After toying with Audacity for a while and figuring out this awesome feature called “noise removal”, which has been quite helpful once I discovered it, I decided to try the effect out for music. However, it turned out it does not work that great for music, which is sad, but understandable, because of the complexity of the audio track.
Then, I started to wonder, if it is possible to separate loops from audio tracks. Obviously, if a track contains lots of other sounds on top of the loop, removing a loop from a song does not work that well, if at all, but imagine an audio track that has a mere loop at the beginning and then the loop plays almost throughout the whole song with some additional instruments. Here is the track, from which I’d like to remove the loop from: http://www.youtube.com/watch?v=lksNIHjYjSY
And yes, I know, the game is quite bad, but the music is pretty cool.
If the filters were perfect, then, sure, we could take anything out of anything. But they’re not. There are techniques to remove and separate all kinds of things, but nobody would mistake the result as a desirable music performance. One problem is the main performance hitting the same notes by accident that the loop has. They both go leaving holes in the show.
The reason music doesn’t work so well has nothing to do with the complexity of the waveforms or data. One of the Noise Removal tricks to keep voices from turning into trash is stop removing noise during vocals. Audacity thinks a continuous musical performance is one voice and stops removal. You can reduce Smoothing to zero and see what it’s going to sound like then. It’s usually not very pretty.

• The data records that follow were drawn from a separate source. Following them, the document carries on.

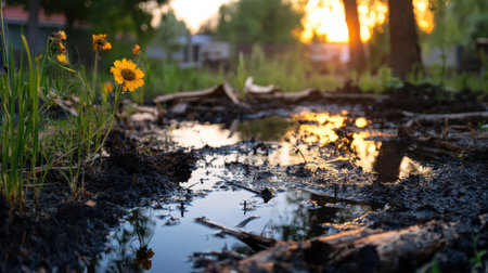 The setting sun casts a golden glow over a muddy path, highlighting puddles and debris in a scene of quiet, rustic beauty.
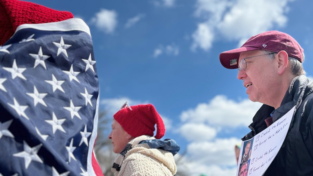 This artistic photo by Vivian Borak is from the March 28, 2026 “No Kings” protest at Institute Park. From left, Sheri Linn and Andrew Wilkin.
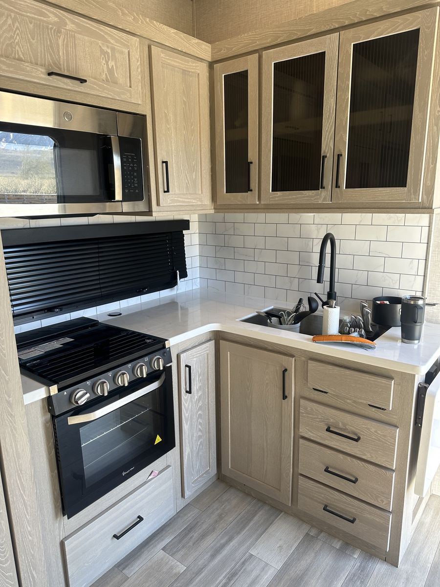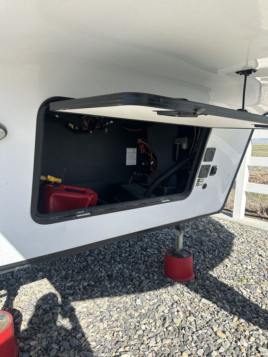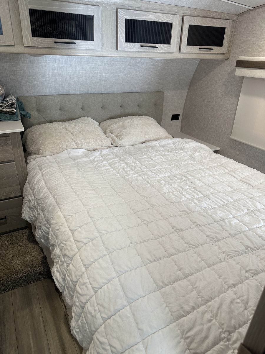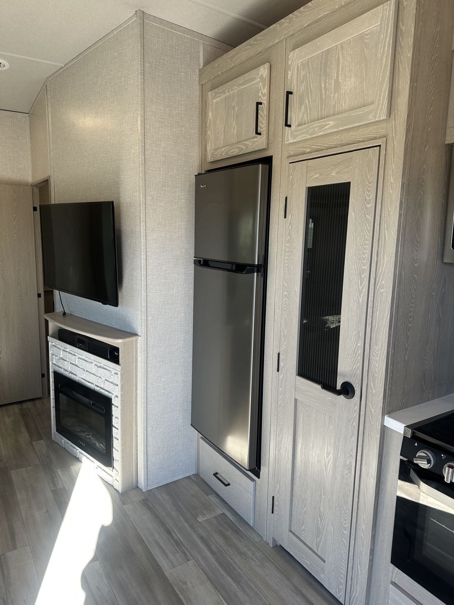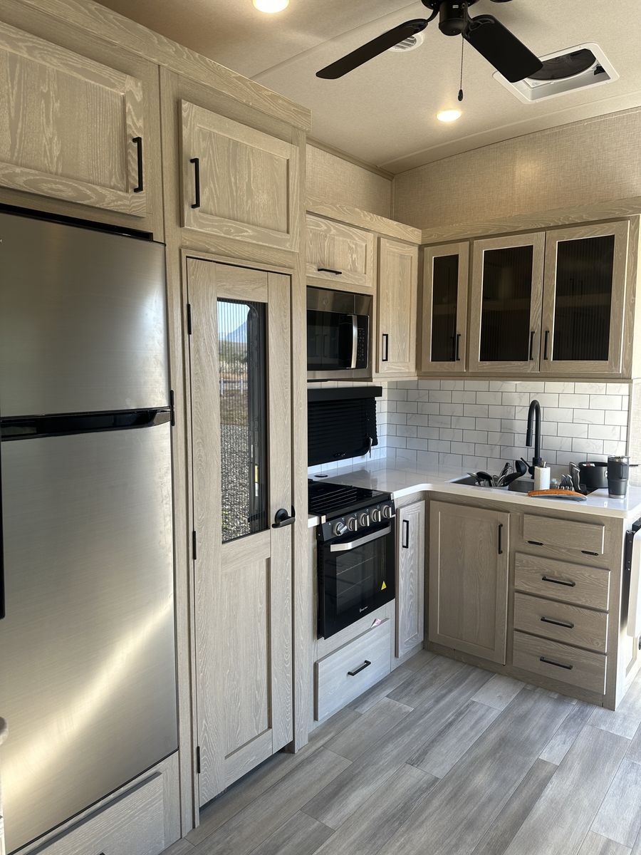 Barely used, only five trips in 3 years, 37 foot, 5th wheel, great storage, bunk beds, auto leveling, outside kitchen with grill, outside speakers, awning, rear storage rack, tow package for doubles, heat, air conditioning, solar panels, 1.5 bathrooms, sleeps 6 comfortably, rear bunkhouse, two tv’s, electric fireplace, lots of space, large fridge, pantry, three pop outs, two reclining chairs in main living space, tire pressure monitoring system.

If I have some red paint and some blue paint in a bucket, and I stir the bucket clockwise, then I will end up with a bucket of purple paint. So if I then stir the purple paint anti-clockwise, the purple pain will separate out into red paint and blue paint Umm… no that does not actually work. Once the red paint and blue paint are mixed together they stay mixed together and no amount of “reverse stirring” will separate them.
Very nice analogy Steve.
Nevertheless, programmers and scientists are still trying to separate the two colours - even if they have to pick them pigment by pigment (a little easier if one would be magnetic…).
If the loop were really constant throughout or we had the original loop, your demand could be fulfilled - by spectral substraction.

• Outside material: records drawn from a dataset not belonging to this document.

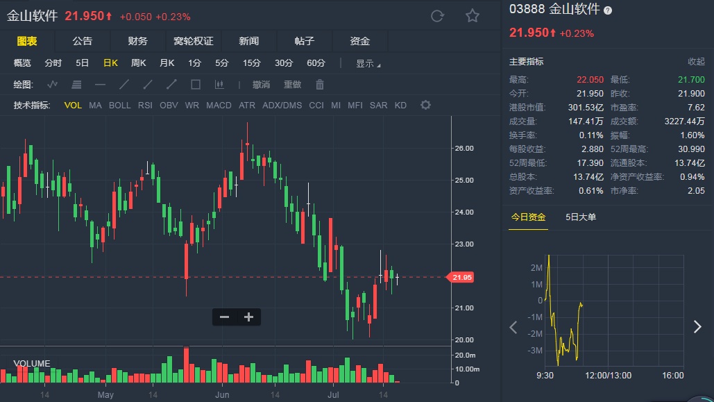 截至7月18日11:01,金山软件涨0.23%,报21.95港元。
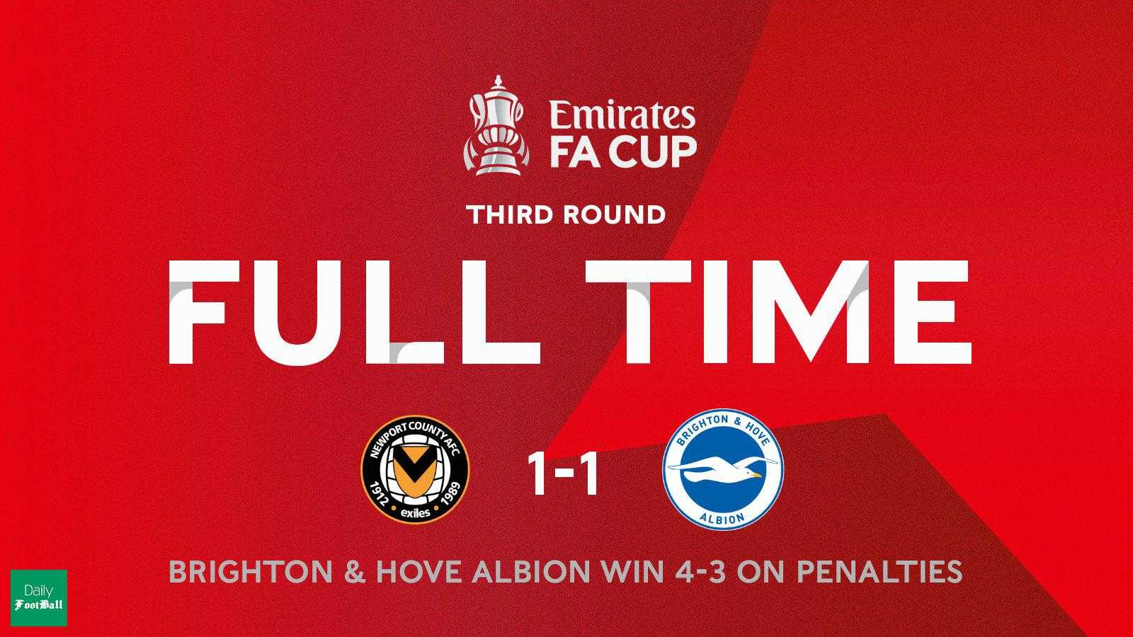 به گزارش دیلی فوتبال؛ تیم های نیوپورت کانتی و برایتون در چارچوب بازی های دور سوم رقابت های جام حذفی انگلیس به مصاف یکدیگر رفتند که وقت های قانونی و اضافه این بازی با نتیجه تساوی یک بر یک به پایان رسید.
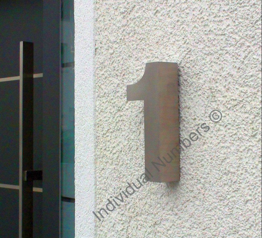 3D Hausnummer in Edelstahl 190mm Hoch und 40mm Tief - Nr. 1
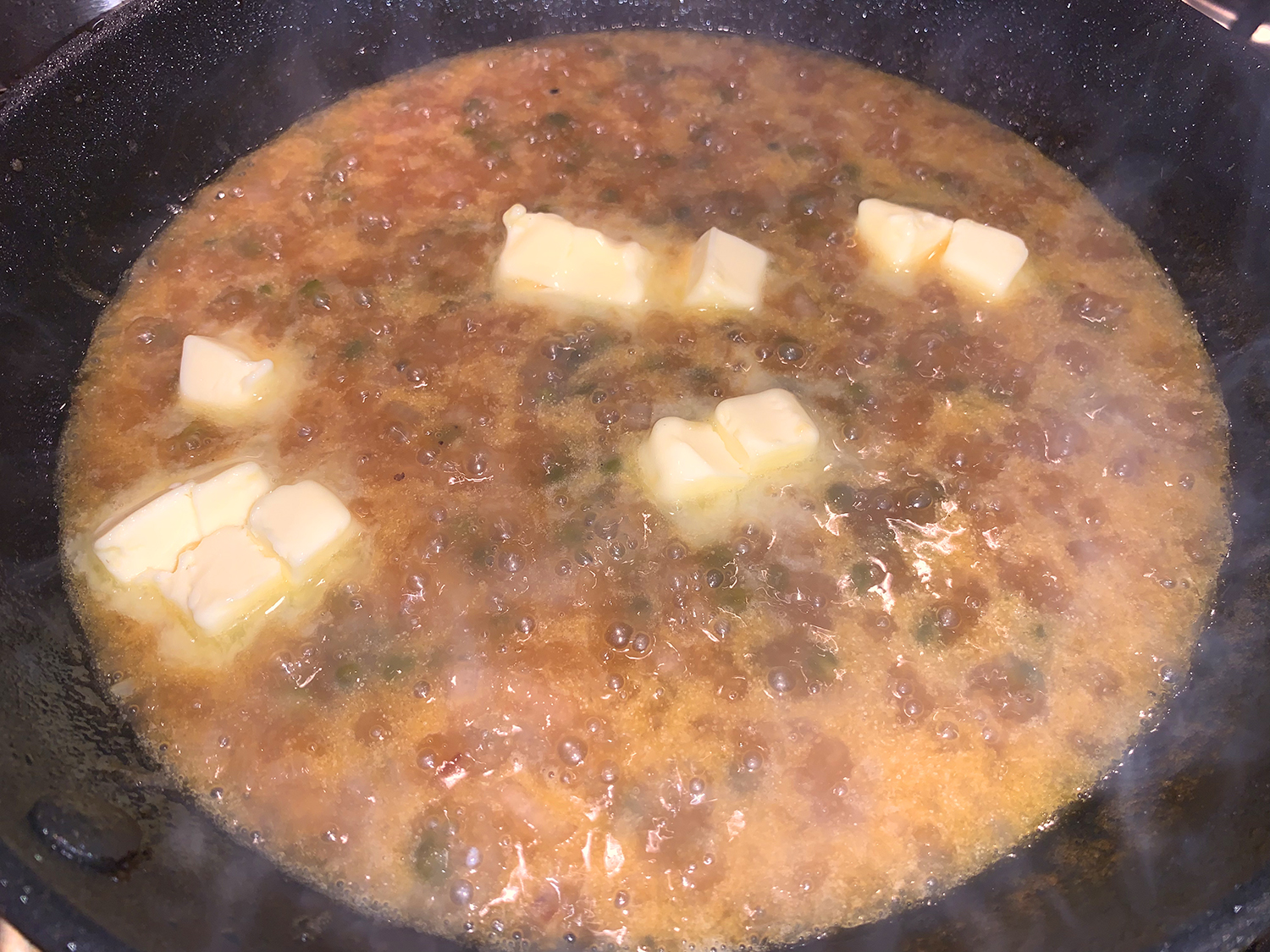 - Add the broth, wine, lemon juice and capers. Cook, stirring occasionally, until the liquid has reduced slightly, about 4 to 5 minutes. Add the butter, and when melted, add 2 tablespoons of parsley and stir.

The next best is to remove the center (with drum and bass mostly) and keep the right channel, where the melody dwells.
You can try it yourself by downloading this plug-in: https://forum.audacityteam.org/t/karaoke-rotation-panning-more/30112/1
(Place it in the Audacity Plug-in folder and restart Audacity - it will be found in the effect menu “2D Stereo Toolkit”)
Simply choose “Remove Center”.
You can then split to mono (track drop-down menu) and remove the left (upper) track.
More isn’t possible - as far as I know.